### WHAT IS EXPECTED
When you reach the line that contains "Set of 5 MCM", give it back exactly along with each line after it to the end of the entries; skip any pictures.

──────── WORKING DATA

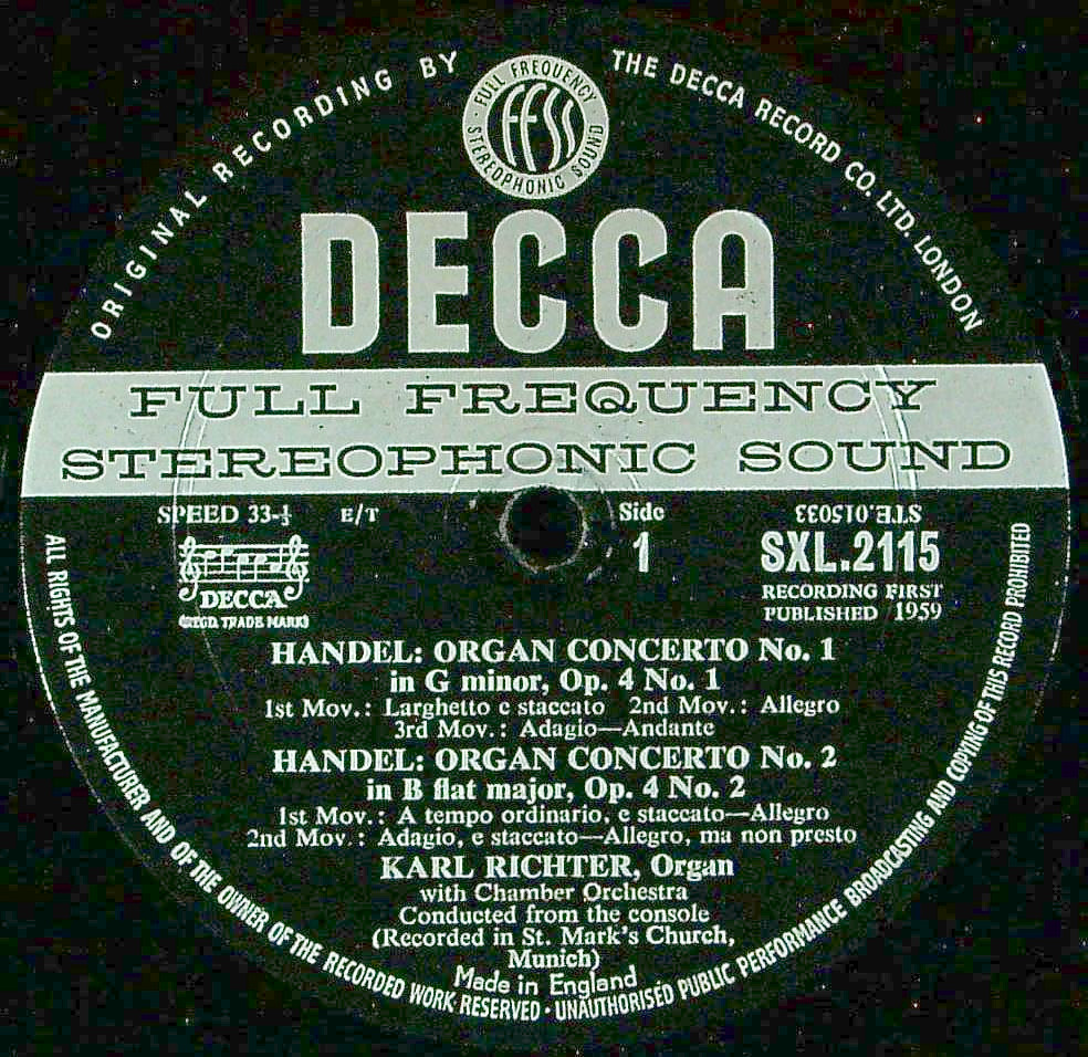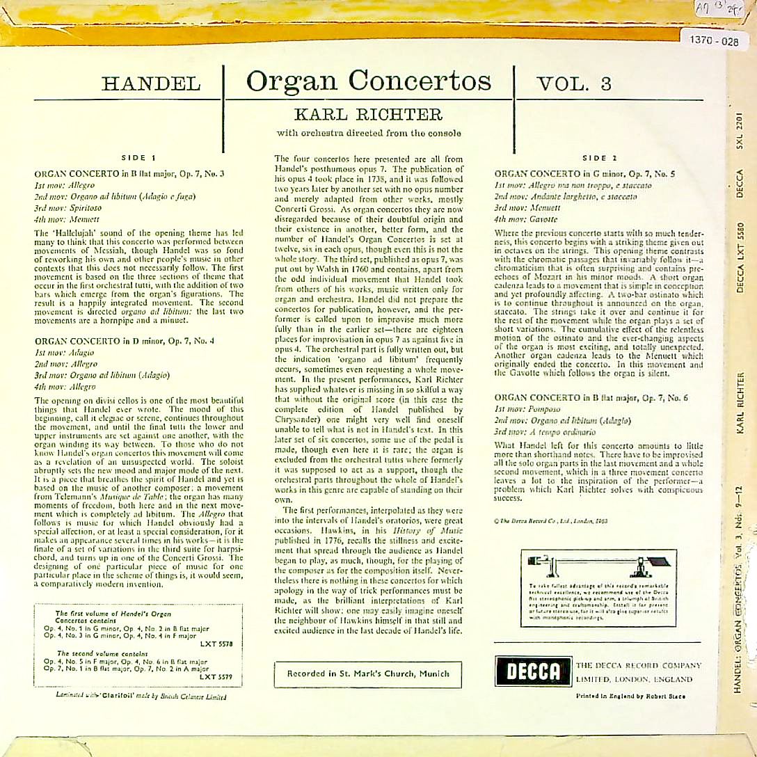 商品コード:1370-028[DECCA] K.リヒター(org)指揮/ ヘンデル:Org協奏曲集(全12曲)/Op.4, Op.7
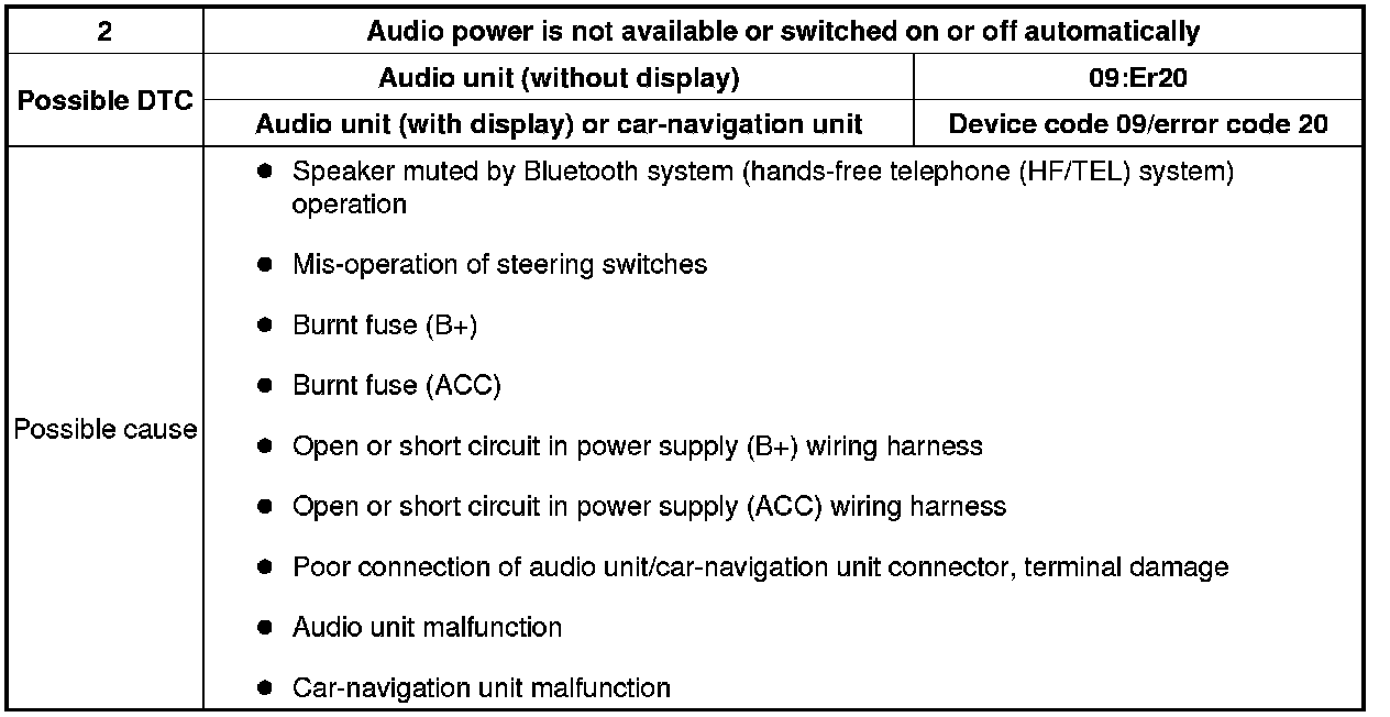No. 2 Audio Power Is Not Available Or Switched ON Or OFF Automatically
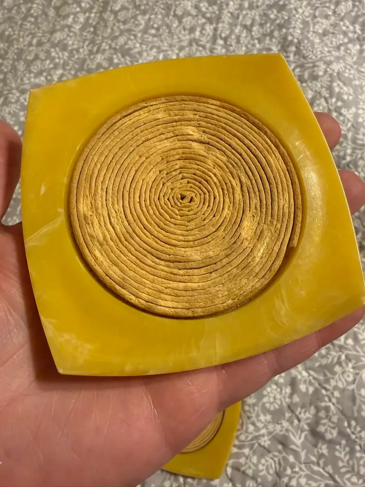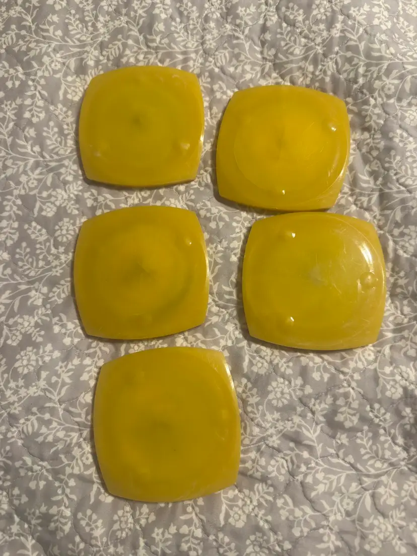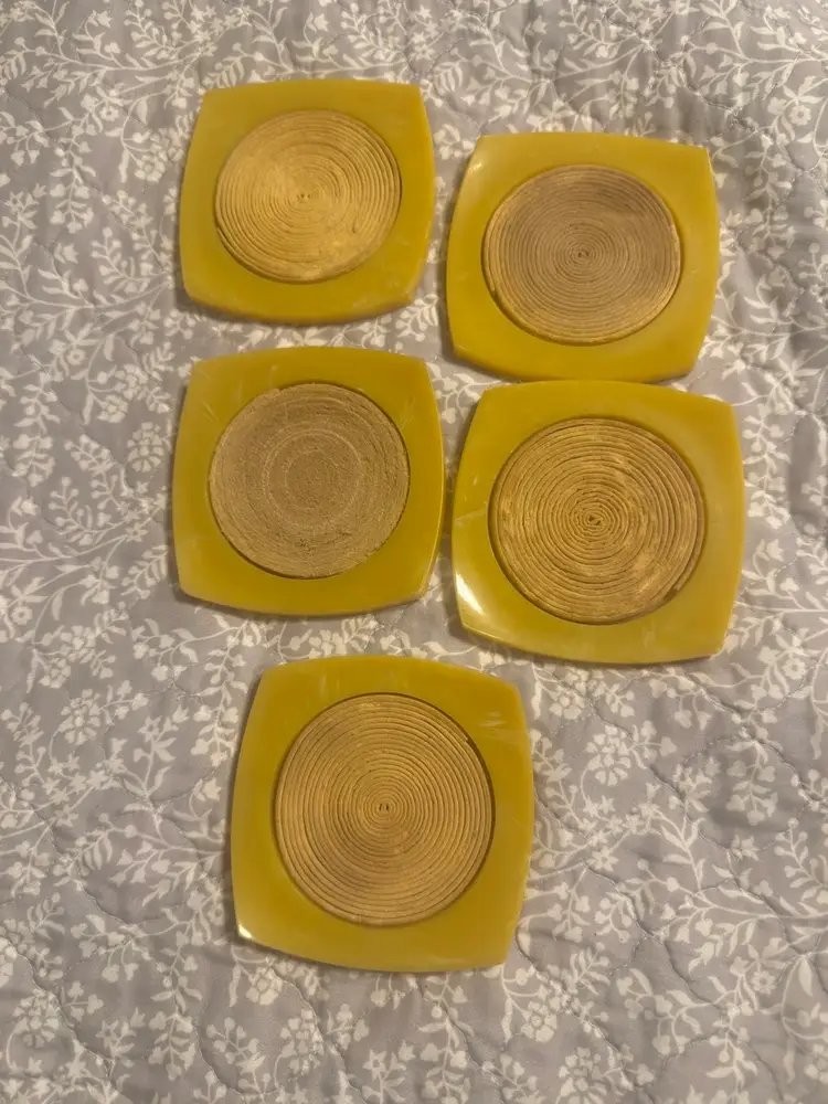 Set of 5 MCM Bakelite coasters in the iconic mid century yellow. GVC no cracks or chips. 4” each
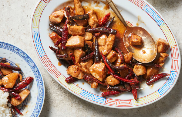 - Combine the oil and chiles in a wok or large nonstick skillet, and set over medium heat. When the chiles start to sizzle and brown, about 15 seconds, push them to one side of the pan. Add the chicken to the other side all at once and spread in a single, even layer. Cook, without moving the pieces, until the bottoms are dark golden brown, 3 to 5 minutes. If the chiles start to blacken, put them on top of the chicken so that they don’t burn.
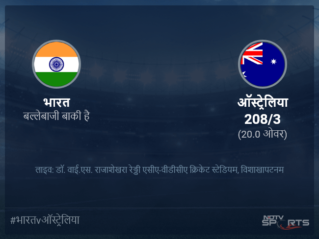 19.6 ओवर (0 रन) एक और डॉट गेंद!! महज़ 5 रन इस आखिरी ओवर से आया| रन आउट का मौका भी मुकेश ने गंवाया लेकिन ये एक कमाल का आखिरी ओवर गुजरा है| इस बार फिर से यॉर्कर का प्रयास था लेकिन लो फुल टॉस हुई| लैप शॉट लगाने गए लेकिन बीट हुए और पैड्स पर खा बैठे| मुकेश ने उसे फील्ड किया| बल्लेबाज़ टिम उस दौरान क्रीज़ के बाहर थे| मुकेश ने थ्रो करना चाहा लेकिन विकटों के काफी पास से निकल गया| इसी के साथ ऑस्ट्रेलिया की पारी 208 रनों पर समाप्त हुई| अब भारत के सामने 209 रनों का लक्ष्य रखा गया है|
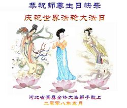 在师尊五十七华诞暨第九届世界法轮大法日来临之际,河北省全体大法弟子恭祝师尊生日快乐! 在助师正法的最后时期,我们无论在任何情况下都一定坚定正念,更加清醒、更加理智的走好正法之路,学法修心,广传真相,正念除恶,修好自己,努力做好三件事,决不辜负师尊的慈悲苦度和众生的殷切期盼,不负正法时期大法弟子证实法和救度众生的伟大使命!让师尊能多一份欣慰,少一份操劳!师尊,您辛苦了!请师尊放心! 河北省全体大法弟子跪拜合十 二零零八年五月十一日 大法弟子全家恭祝慈悲伟大的师尊生日快乐!
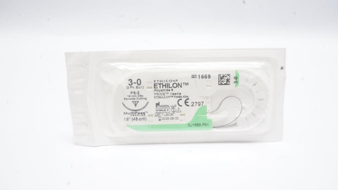 - Ethicon 1669 3-0 ETHILON Stre PS-2 19mm 3/8c Reverse Cutting 18inch
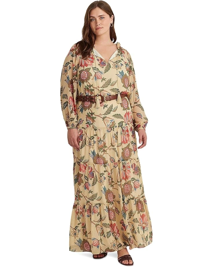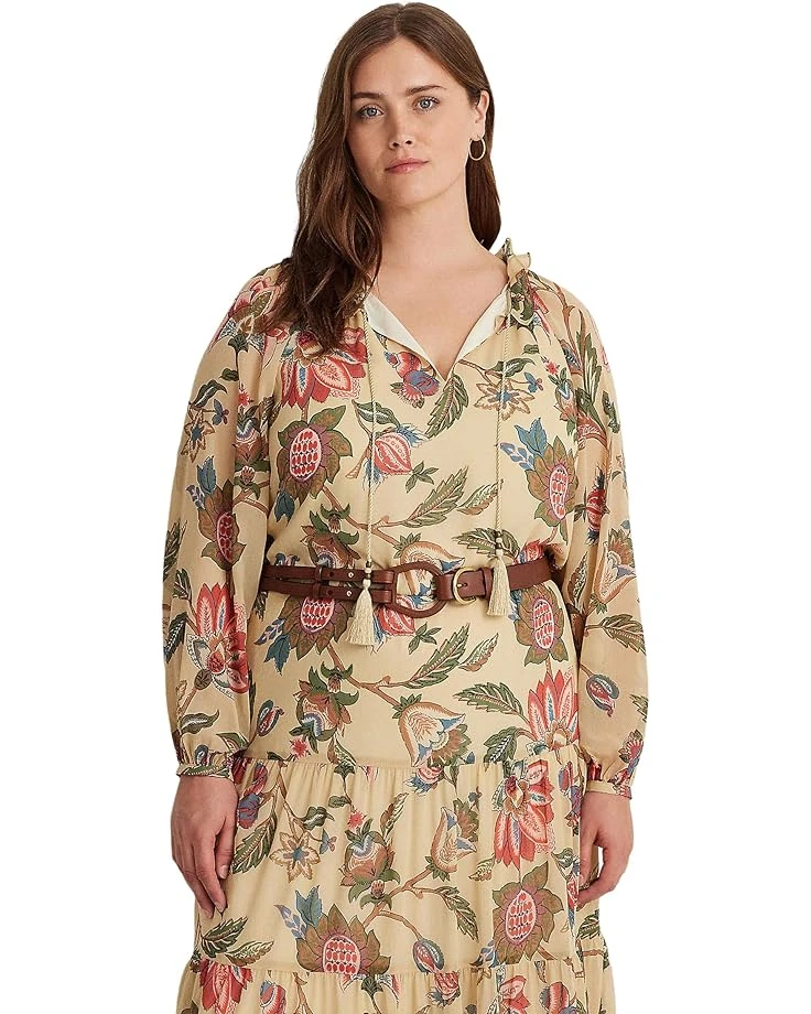 - Redefine comfort luxury wearing the soft and lightweight LAUREN Ralph Lauren® Plus-Size Floral Crinkle Georgette Tiered Dress. It features a V-neckline with tasseled ties, raglan seams, self-tie belt detail along the waist, and long tiered skirt for unrestrained movement.
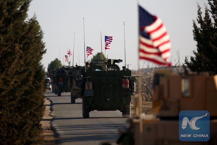 A convoy of U.S. forces' armoured vehicles drives near the village of Yalanli, on the western outskirts of the northern Syrian city of Manbij, on March 5, 2017. (Xinhua/AFP)
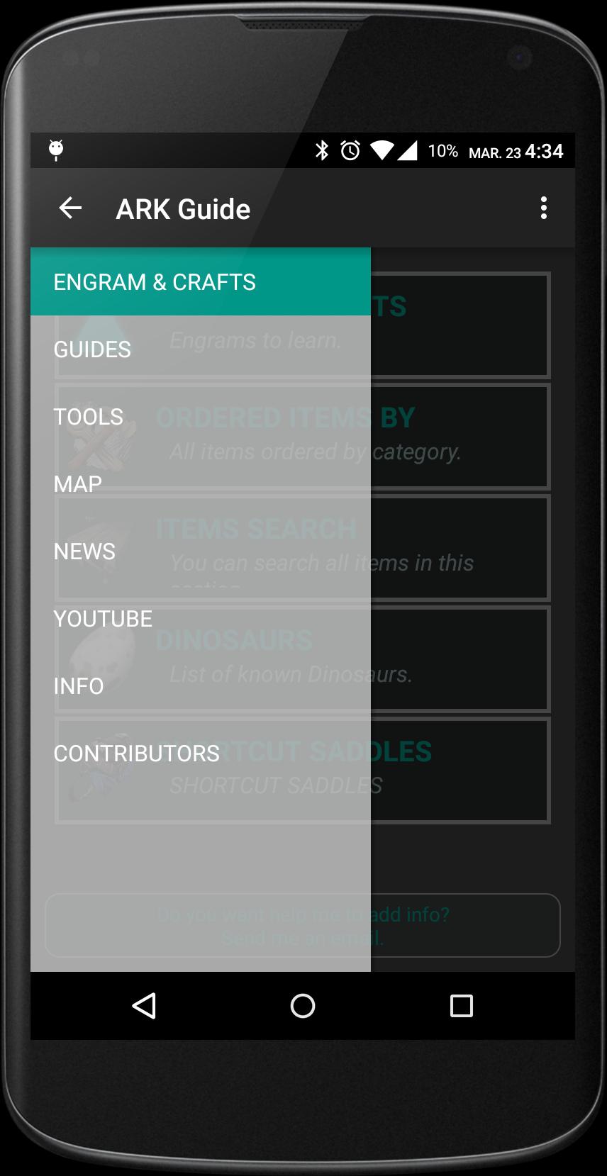 This app is a guide that contains all game engrams. They are sorted by level an you can see the description, necessary points and explanation.

────────────────

### ANSWER TO THE PROBLEM
 Set of 5 MCM Bakelite coasters in the iconic mid century yellow. GVC no cracks or chips. 4” each
 - Combine the oil and chiles in a wok or large nonstick skillet, and set over medium heat. When the chiles start to sizzle and brown, about 15 seconds, push them to one side of the pan. Add the chicken to the other side all at once and spread in a single, even layer. Cook, without moving the pieces, until the bottoms are dark golden brown, 3 to 5 minutes. If the chiles start to blacken, put them on top of the chicken so that they don’t burn.
 19.6 ओवर (0 रन) एक और डॉट गेंद!! महज़ 5 रन इस आखिरी ओवर से आया| रन आउट का मौका भी मुकेश ने गंवाया लेकिन ये एक कमाल का आखिरी ओवर गुजरा है| इस बार फिर से यॉर्कर का प्रयास था लेकिन लो फुल टॉस हुई| लैप शॉट लगाने गए लेकिन बीट हुए और पैड्स पर खा बैठे| मुकेश ने उसे फील्ड किया| बल्लेबाज़ टिम उस दौरान क्रीज़ के बाहर थे| मुकेश ने थ्रो करना चाहा लेकिन विकटों के काफी पास से निकल गया| इसी के साथ ऑस्ट्रेलिया की पारी 208 रनों पर समाप्त हुई| अब भारत के सामने 209 रनों का लक्ष्य रखा गया है|
 在师尊五十七华诞暨第九届世界法轮大法日来临之际,河北省全体大法弟子恭祝师尊生日快乐! 在助师正法的最后时期,我们无论在任何情况下都一定坚定正念,更加清醒、更加理智的走好正法之路,学法修心,广传真相,正念除恶,修好自己,努力做好三件事,决不辜负师尊的慈悲苦度和众生的殷切期盼,不负正法时期大法弟子证实法和救度众生的伟大使命!让师尊能多一份欣慰,少一份操劳!师尊,您辛苦了!请师尊放心! 河北省全体大法弟子跪拜合十 二零零八年五月十一日 大法弟子全家恭祝慈悲伟大的师尊生日快乐!
 - Ethicon 1669 3-0 ETHILON Stre PS-2 19mm 3/8c Reverse Cutting 18inch
 - Redefine comfort luxury wearing the soft and lightweight LAUREN Ralph Lauren® Plus-Size Floral Crinkle Georgette Tiered Dress. It features a V-neckline with tasseled ties, raglan seams, self-tie belt detail along the waist, and long tiered skirt for unrestrained movement.
 A convoy of U.S. forces' armoured vehicles drives near the village of Yalanli, on the western outskirts of the northern Syrian city of Manbij, on March 5, 2017. (Xinhua/AFP)
 This app is a guide that contains all game engrams. They are sorted by level an you can see the description, necessary points and explanation.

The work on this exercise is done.